╔══

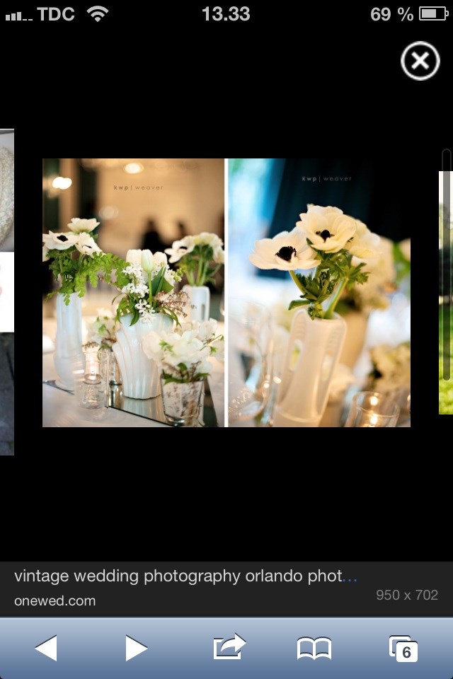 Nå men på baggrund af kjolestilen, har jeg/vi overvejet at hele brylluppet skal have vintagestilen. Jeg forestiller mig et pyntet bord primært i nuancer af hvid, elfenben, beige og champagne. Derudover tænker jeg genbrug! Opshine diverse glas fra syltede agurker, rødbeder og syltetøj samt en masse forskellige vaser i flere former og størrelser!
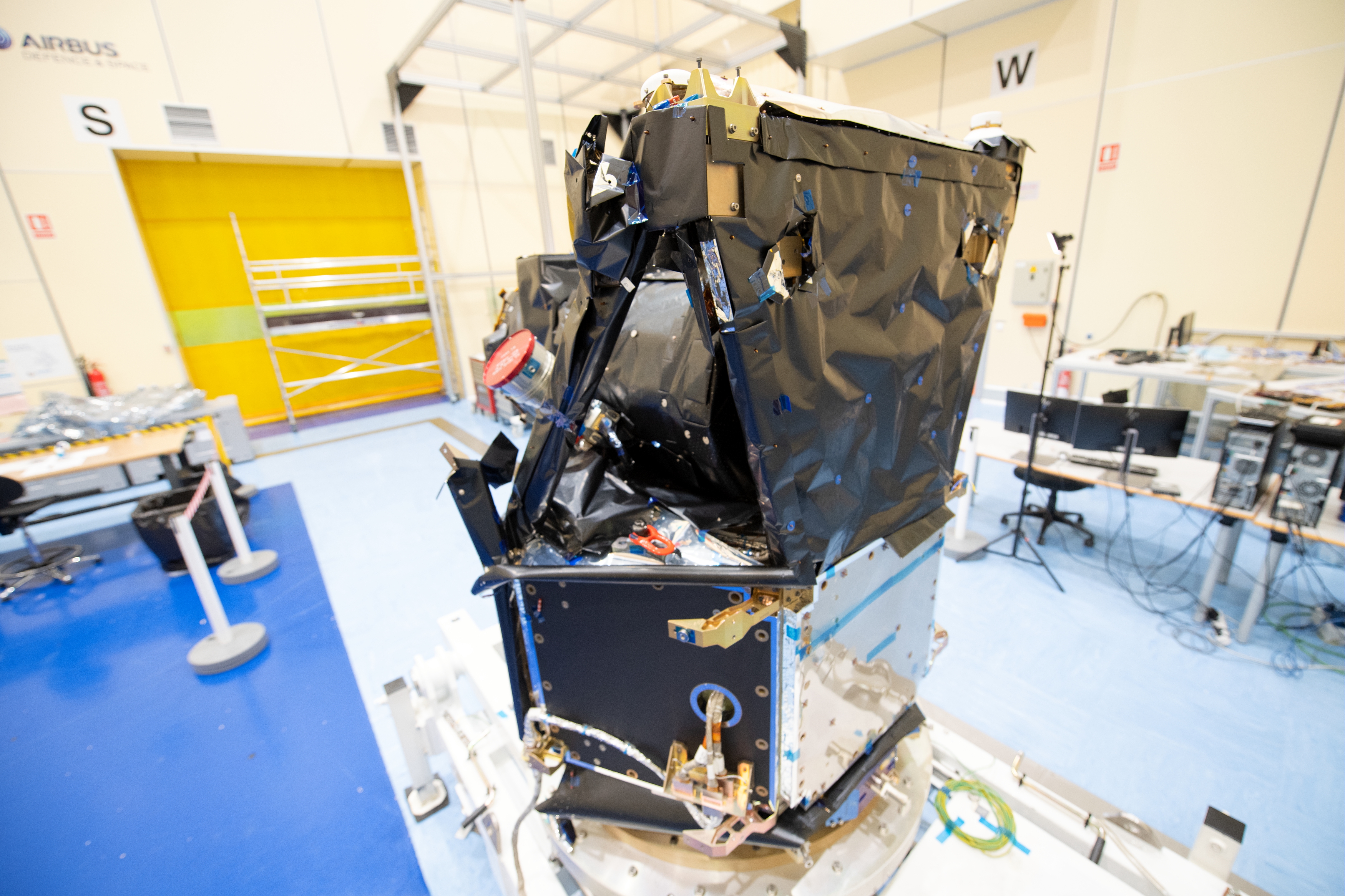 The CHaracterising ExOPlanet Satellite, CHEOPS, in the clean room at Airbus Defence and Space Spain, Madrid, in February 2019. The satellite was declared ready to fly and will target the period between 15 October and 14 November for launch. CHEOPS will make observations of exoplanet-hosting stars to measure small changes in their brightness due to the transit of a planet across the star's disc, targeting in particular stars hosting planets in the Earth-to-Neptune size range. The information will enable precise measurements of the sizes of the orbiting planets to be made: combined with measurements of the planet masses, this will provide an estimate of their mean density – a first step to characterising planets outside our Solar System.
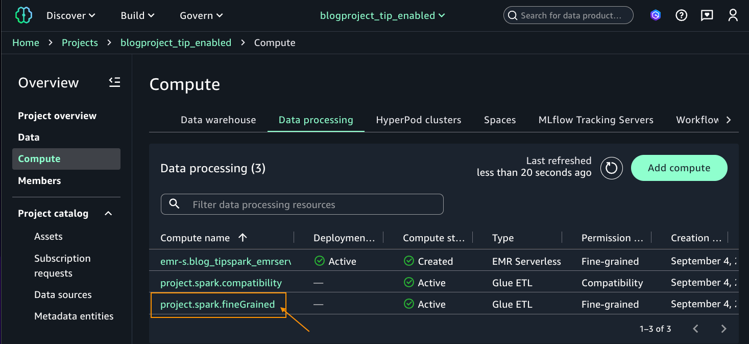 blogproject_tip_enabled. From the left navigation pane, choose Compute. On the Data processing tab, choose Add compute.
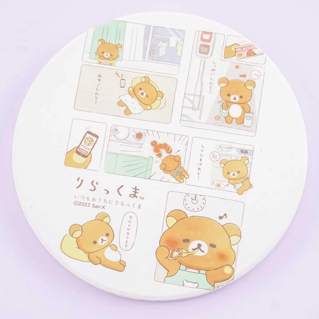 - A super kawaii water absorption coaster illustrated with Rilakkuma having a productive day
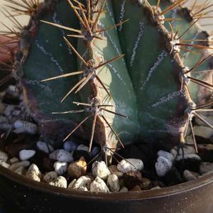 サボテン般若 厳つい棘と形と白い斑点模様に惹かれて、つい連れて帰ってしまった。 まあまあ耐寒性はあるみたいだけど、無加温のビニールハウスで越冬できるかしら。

╚══

- Exercise instructions
Could you transcribe exactly the lines from the one with "blogproject_tip_enabled. From the" through the end of the data, both ends included, and nothing else, skipping the pictures?

- Written solution
 blogproject_tip_enabled. From the left navigation pane, choose Compute. On the Data processing tab, choose Add compute.
 - A super kawaii water absorption coaster illustrated with Rilakkuma having a productive day
 サボテン般若 厳つい棘と形と白い斑点模様に惹かれて、つい連れて帰ってしまった。 まあまあ耐寒性はあるみたいだけど、無加温のビニールハウスで越冬できるかしら。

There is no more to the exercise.